French Revolution again: The Scarlet Pimpernel

The Scarlet Pimpernel  by Baroness Orczy

published 1905

 



I recently read several novels about the French Revolution, and realized that I had been intending also to read this book – recommended by a couple of people, in the past and currently – here in the comments:

Johan22 July 2024 at 18:53

Everything I know about the French revolution I learned from the Scarlet Pimpernel. (Well, at least I am sure those books have coloured my impressions of it forever.)

Clothes In Books23 July 2024 at 17:31

Totally understandable. With me it was Biggles - if there had been a time-travelling entry with Biggles goes to the Bastille I would have known much more about the French Revolution.

So I got hold of it. It is certainly an easy read – a tense and exciting adventure, concerning the rescue of aristocrats from France. The Scarlet Pimpernel is the nom de guerre of the leader of a group of brave dashing chaps. It is impossible to spoiler this book now: Sir Percy Blakeney is the Scarlet Pimpernel, something which is theoretically only revealed a long way into the book.

Sir Percy seems to be a lazy, dandyish fop, easily dismissed and disregarded. We know better. His wife Marguerite – a Frenchwoman – has no idea that he is the brave Pimpernel. They initially loved each other deeply, but have become estranged after an incident which makes no sense (either as an inciting incident or in its ultimate sorting out).



She, trying to protect her brother, accidentally gives away information which implicates the Scarlet Pimpernel. Then she realizes what is happening:

Percy . . . Percy . . . her husband . . . the Scarlet Pimpernel . . . Oh! how could she have been so blind? She understood it all now—all at once . . . that part he played—the mask he wore . . . in order to throw dust in everybody’s eyes. [Ellipses in the original]

This is more than halfway through. She takes off to try to warn him and save everyone. There is a lot of jeopardy and exciting adventures: the structure, and the nature of the exploits are actually splendid. (Happy ending assured).


A pimpernel is a small red flower....

For a positive view of the book, do read my friend Chrissie: someone who loved The Scarlet Pimpernel as a teenager and decided to revisit it.

Are you sensing perhaps that I am working up to a big HOWEVER? It was an exciting and interesting book, but I had a huge problem with the simplicity of its views: those poor old aristos having a hard time while the wicked peasants rose up and behaved viciously and badly.



Of course the story of the Revolution is not straightforward, and no-one can read about the Reign of Terror without being horrified. But no reasonable person could read about the situation in France before the Revolution without being horrified. Nothing is black and white, but huge areas of life in 18th century France were simply indefensible. More than 100 years later the Baroness Orczy had had plenty of opportunity to balance the history, but made not the slightest effort to do so.
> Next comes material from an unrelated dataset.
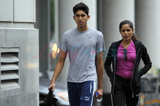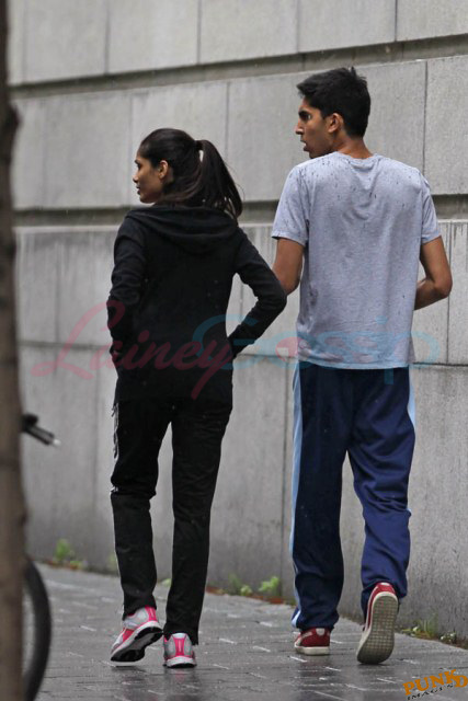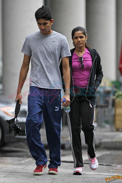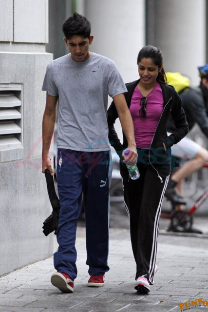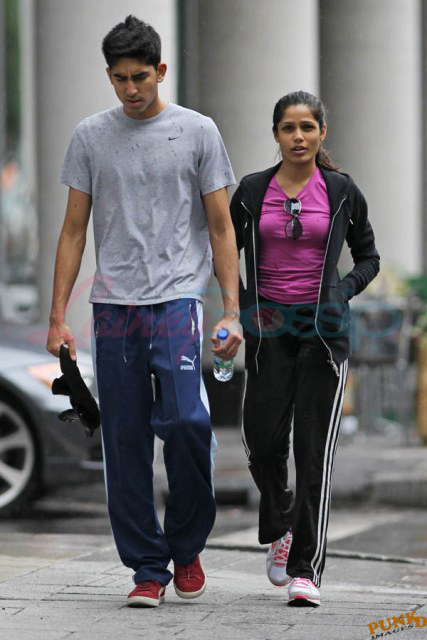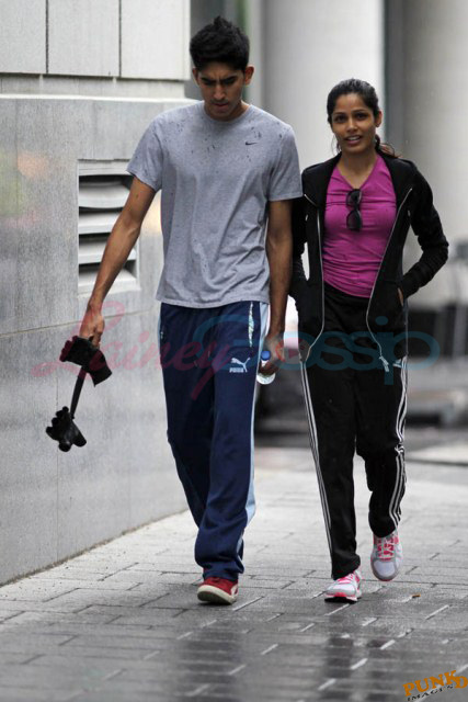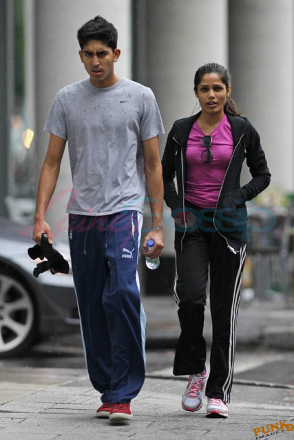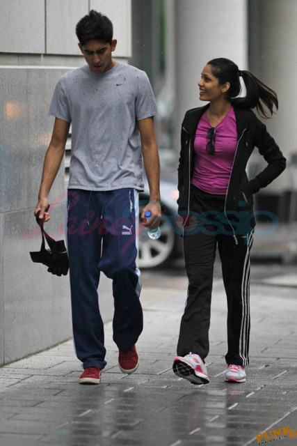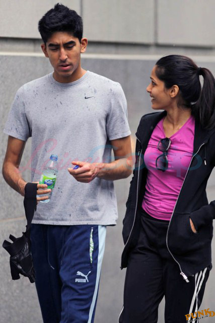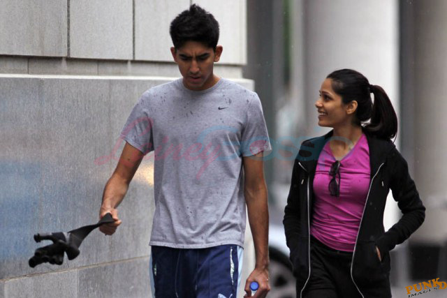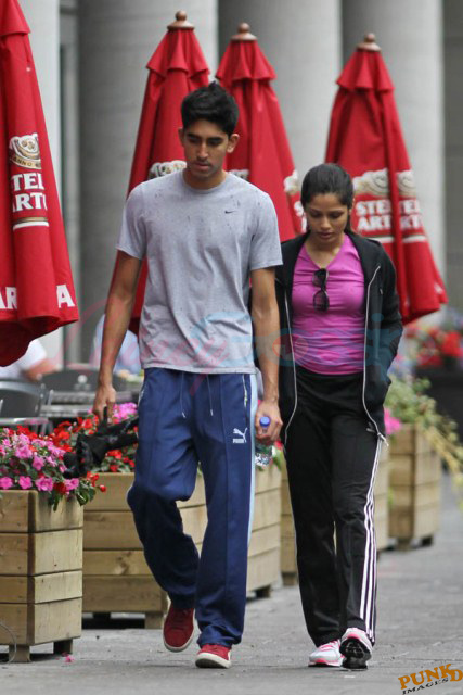 Freida Pinto has been in Montreal shooting Immortals. Her boyfriend Dev Patel is in town to join her, seen here together leaving the gym yesterday after a workout.

It’s just an adventure story, but I couldn’t enjoy the judgement, the evil peasantry, the lovely aristos in danger, without the slightest consideration of what had come before, and the realities of what those aristocrats had done to deserve their fates.

that seething revolution, three hundred miles away, in beautiful Paris, now rendered hideous by the constant flow of the blood of her noblest sons, by the wailing of the widows, and the cries of fatherless children.

There had been a lot of wailing widows and fatherless children in the lives of those who became revolutionaries.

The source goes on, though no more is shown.